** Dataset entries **
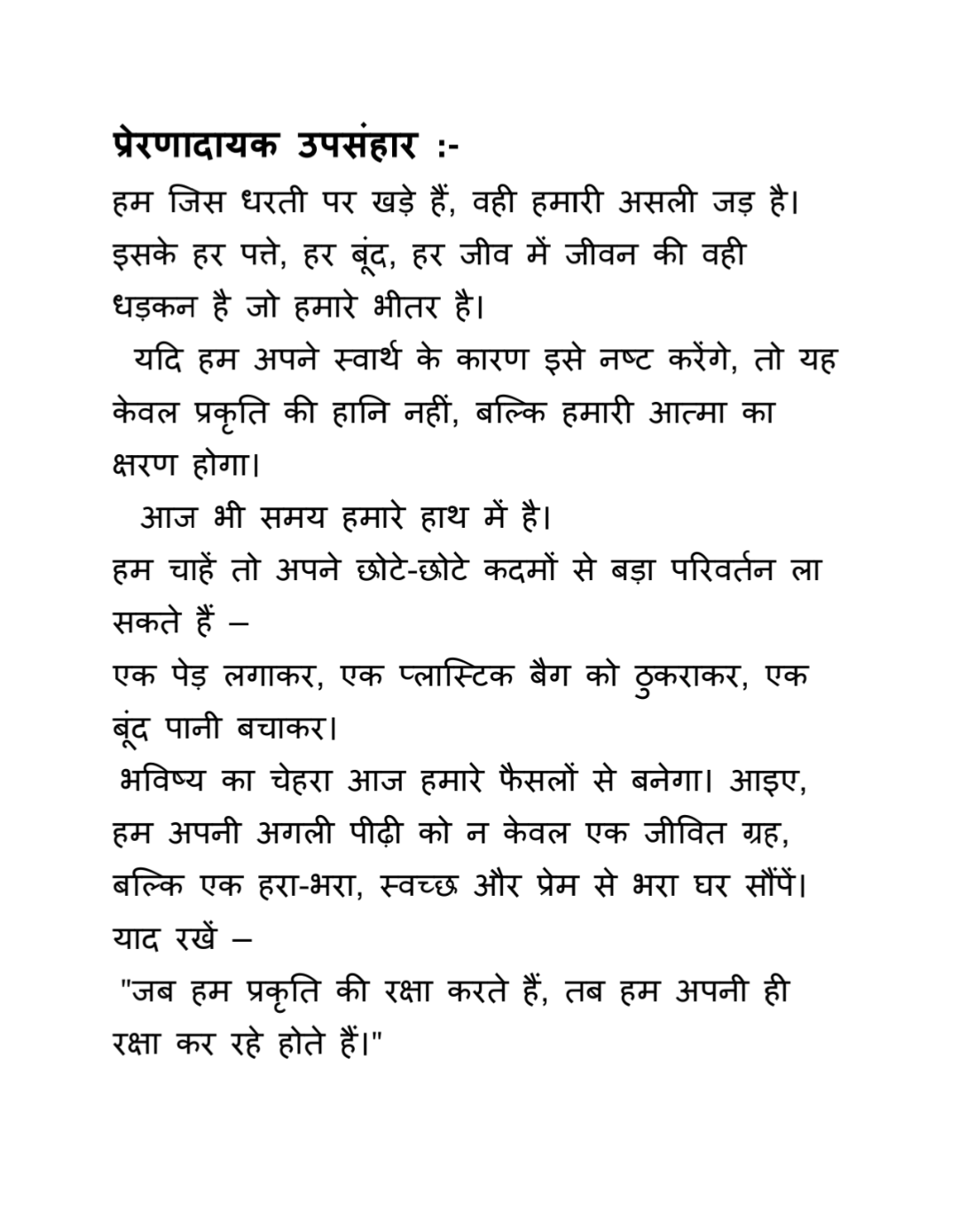 | अति संक्षेप शोध सारांश | मानव जीवन का अस्तित्व प्रकृति पर निर्भर है। जल, वायु, भूमि, वनस्पति और जीव-जंतु हमारे जीवन के मूल आधार हैं। औद्योगिक विकास और अंधाधुंध शहरीकरण ने प्राकृतिक संतुलन को प्रभावित किया है, जिससे वनों की कटाई, जल और वायु प्रदूषण, जलवायु परिवर्तन और जैव विविधता का ह्रास हुआ है। भारतीय संस्कृति में प्रकृति को माता का दर्जा दिया गया है और पारंपरिक ज्ञान में पर्यावरण संरक्षण का गहरा संदेश निहित है। प्राचीन और मध्यकालीन भारत में वन्यजीव, जल और भूमि संरक्षण के लिए सामाजिक और कानूनी व्यवस्थाएँ थीं। स्वतंत्रता संग्राम के दौरान भी पर्यावरण और संसाधनों के संयमित उपयोग पर बल दिया गया। आज आवश्यक है कि व्यक्तिगत और सामुदायिक स्तर पर वृक्षारोपण, जल संरक्षण, प्लास्टिक उपयोग में कमी, अक्षय ऊर्जा और जैविक खेती जैसे उपाय अपनाए जाएँ। शोधार्थी ने व्यक्तिगत रूप से 500 से अधिक वृक्ष लगाकर और ‘माई हॉफ ट्री’ संस्था के सहयोग से समाज में पर्यावरण जागरूकता बढ़ाई। प्रकृति और मानवता का संबंध सहजीवी है; एक के बिना दूसरा टिक नहीं सकता। यह शोध इस महत्वपूर्ण संबंध को उजागर करते हुए सतत संरक्षण और मानवता की जिम्मेदारी का संदेश देता है।\r\n\r\n |
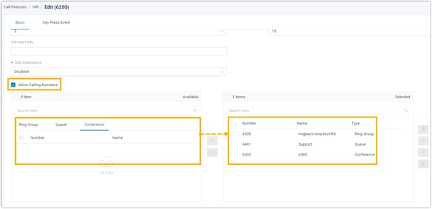 Erlaubte Nebenstellen: Die Anrufer können die ausgewählten Nebenstellen wählen.
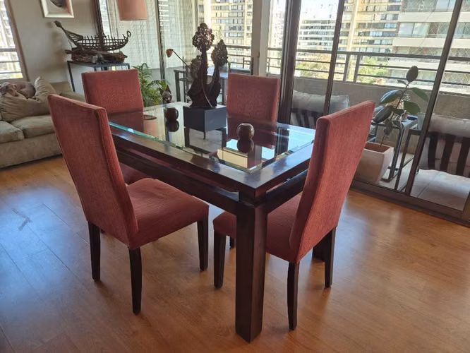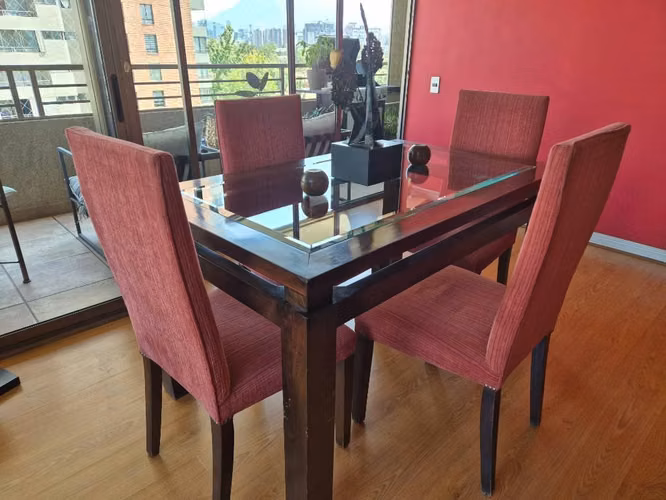 Excelente mesa de comedor, madera sólida con vidrio biselado. 4 sillas impecables de felpa Sin manchas...
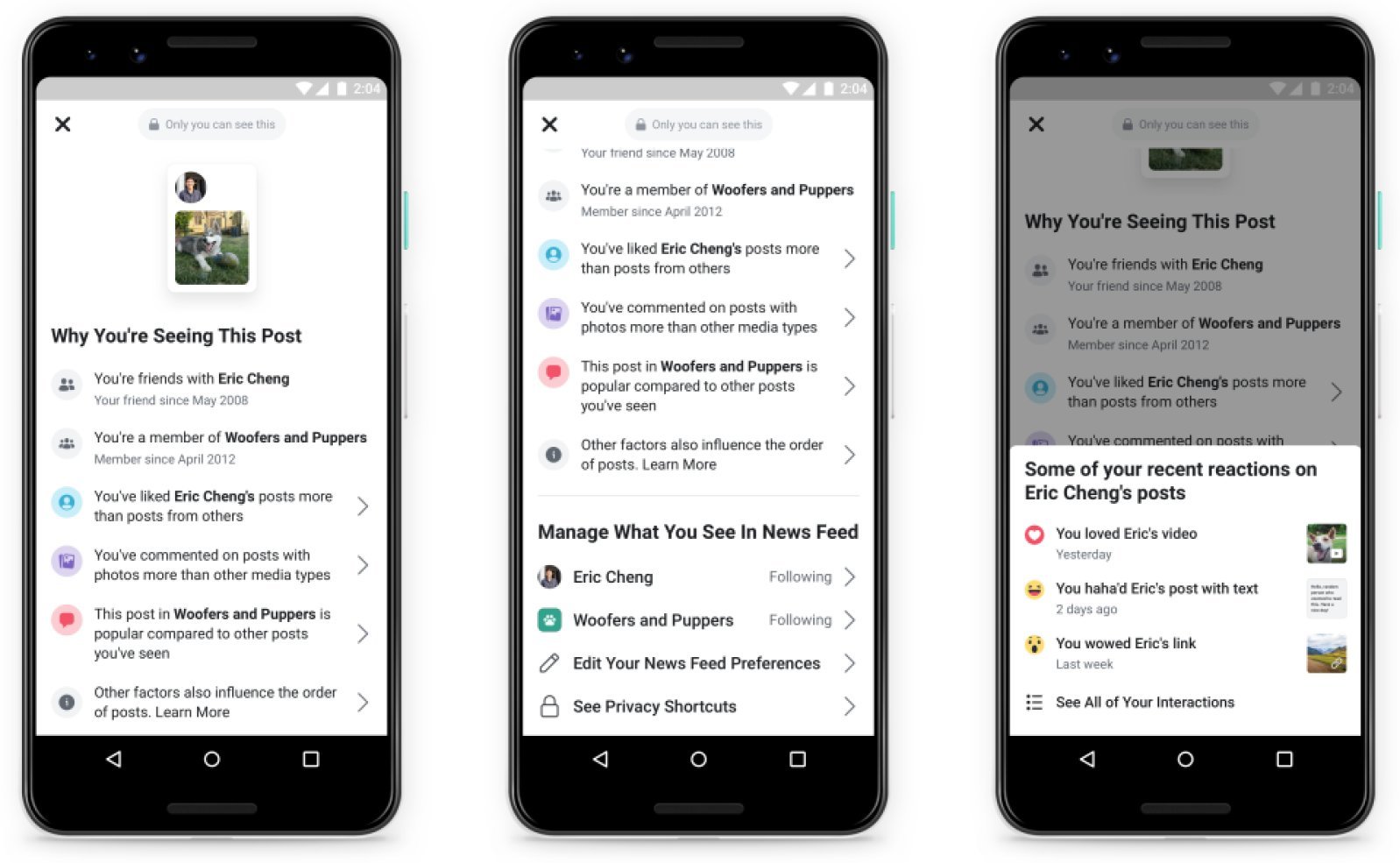 تتيح لك هذه الميزة الجديدة بسهولة إدارة المشاركات التي تتفاعل معها على الموقع، تقول الشركة أن هذه هي المرة الأولي التي تقوم فيها ببناء معلومات حول كيفية عمل ترتيب لخلاصة الأخبار مباشرة في تطبيق فيسبوك، مشيرة إلى أن ذلك جزء من جهودها لتكون أكثر شفافية مع المستخدمين حول كيفية استهداف الخوارزميات.
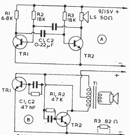 In the figure we have two audio oscillators to be used in small alarms and other devices. The circuit is from an old documentation. Transistors can be the BC548.

** WORK INSTRUCTION **
Transcribe the data exactly and leave no picture in the copy.

** RESPONSE AREA **
 | अति संक्षेप शोध सारांश | मानव जीवन का अस्तित्व प्रकृति पर निर्भर है। जल, वायु, भूमि, वनस्पति और जीव-जंतु हमारे जीवन के मूल आधार हैं। औद्योगिक विकास और अंधाधुंध शहरीकरण ने प्राकृतिक संतुलन को प्रभावित किया है, जिससे वनों की कटाई, जल और वायु प्रदूषण, जलवायु परिवर्तन और जैव विविधता का ह्रास हुआ है। भारतीय संस्कृति में प्रकृति को माता का दर्जा दिया गया है और पारंपरिक ज्ञान में पर्यावरण संरक्षण का गहरा संदेश निहित है। प्राचीन और मध्यकालीन भारत में वन्यजीव, जल और भूमि संरक्षण के लिए सामाजिक और कानूनी व्यवस्थाएँ थीं। स्वतंत्रता संग्राम के दौरान भी पर्यावरण और संसाधनों के संयमित उपयोग पर बल दिया गया। आज आवश्यक है कि व्यक्तिगत और सामुदायिक स्तर पर वृक्षारोपण, जल संरक्षण, प्लास्टिक उपयोग में कमी, अक्षय ऊर्जा और जैविक खेती जैसे उपाय अपनाए जाएँ। शोधार्थी ने व्यक्तिगत रूप से 500 से अधिक वृक्ष लगाकर और ‘माई हॉफ ट्री’ संस्था के सहयोग से समाज में पर्यावरण जागरूकता बढ़ाई। प्रकृति और मानवता का संबंध सहजीवी है; एक के बिना दूसरा टिक नहीं सकता। यह शोध इस महत्वपूर्ण संबंध को उजागर करते हुए सतत संरक्षण और मानवता की जिम्मेदारी का संदेश देता है।\r\n\r\n |
 Erlaubte Nebenstellen: Die Anrufer können die ausgewählten Nebenstellen wählen.
 Excelente mesa de comedor, madera sólida con vidrio biselado. 4 sillas impecables de felpa Sin manchas...
 تتيح لك هذه الميزة الجديدة بسهولة إدارة المشاركات التي تتفاعل معها على الموقع، تقول الشركة أن هذه هي المرة الأولي التي تقوم فيها ببناء معلومات حول كيفية عمل ترتيب لخلاصة الأخبار مباشرة في تطبيق فيسبوك، مشيرة إلى أن ذلك جزء من جهودها لتكون أكثر شفافية مع المستخدمين حول كيفية استهداف الخوارزميات.
 In the figure we have two audio oscillators to be used in small alarms and other devices. The circuit is from an old documentation. Transistors can be the BC548.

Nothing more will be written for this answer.